With the arrival of the KC-46 Pegasus, refueling squadrons are phasing out the KC-10 to make room for the new tanker.
Travis Air Force Base, one of two AFBs that operate the plane, will fly its last KC-10 in September 2024.
While next-gen fighter jets and bombers like the F-35 and B-21 get lots of love, the U.S. Air Force would grind to a halt without its refueling tankers. Airplanes like the venerable KC-135 and the KC-10 top off these badass warplanes with fuel, all while supplying some impressive cargo-carrying abilities. But with the arrival of the U.S. military’s newest tanker, the KC-46 Pegasus, three is officially a crowd—and so the KC-10, nicknamed “Big Sexy” for its alluring sleek wing design, is now beginning its slow send off into retirement.

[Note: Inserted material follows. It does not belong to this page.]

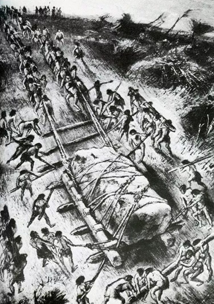 2 ton ağırlığa sahip taşlar, bir kızağa yerleştirerek, kütüklerin üzerinden kaydırılmış olabilir
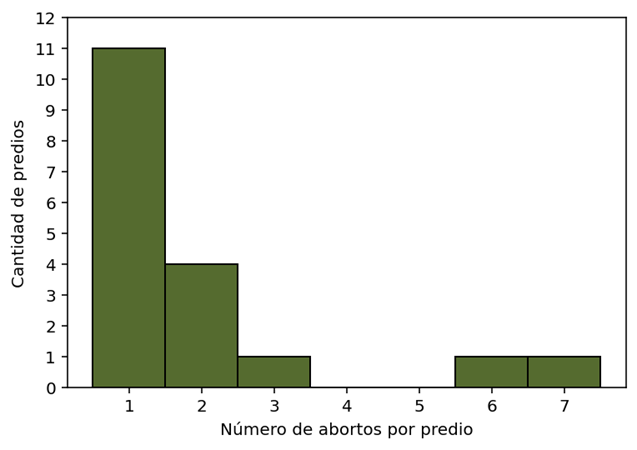 Figura 1: Distribución del número de abortos en predios ganaderos con al menos un aborto detectado durante el período 2020-2022

“She’s a good plane,” Scott E. Speck, a flight engineer with the 70th Air Refueling Squadron (ARS) at Travis Air Force Base in California, said in a press release. “She is temperamental at times, but always in good ways. And she takes care of you.”
The KC-10 (technically the KC-10A Extender) may seem like an odd choice for retirement— after all, it’s nearly 30 years younger than the KC-135 and it can haul nearly twice as much fuel. However, there are many more KC-135s in service. Right now, the Air Force fields 59 KC-10s, while 359 KC-135s fly the skies. With the costs associated with keeping an entirely unique airframe up and running, the Air Force can save much-needed money (for those fancy fighter jet programs, for example) by whittling its refueling needs down to two planes.
With the Air Force receiving its first KC-46 Pegasus (after a litany of delays and headaches) in 2019, the plan is to eventually have a 479-plane refueling fleet filled with 300 KC-135s and 179 KC-46s. While the Pegasus will be the most advanced refueling plane ever built, the stratotanker will remain the refueling backbone of the U.S. Air Force.
The KC-10, based on the McDonnell Douglas DC-10, beat out the competition in the Advanced Tanker Cargo Aircraft Program, mainly for its ability to operate on short runways, and came into service in 1982, serving in several conflicts including the Gulf War and the wars in Afghanistan and Iraq. The 70th ARS at Travis AFB is one of two Air Force bases that operate the Extender (the other being Joint Base McGuire-Dix-Lakehurst in New Jersey) and received its first KC-10A Extenders on September 1, 1994. Thirty years later, Travis AFB will officially fly its last KC-10 in September 2024.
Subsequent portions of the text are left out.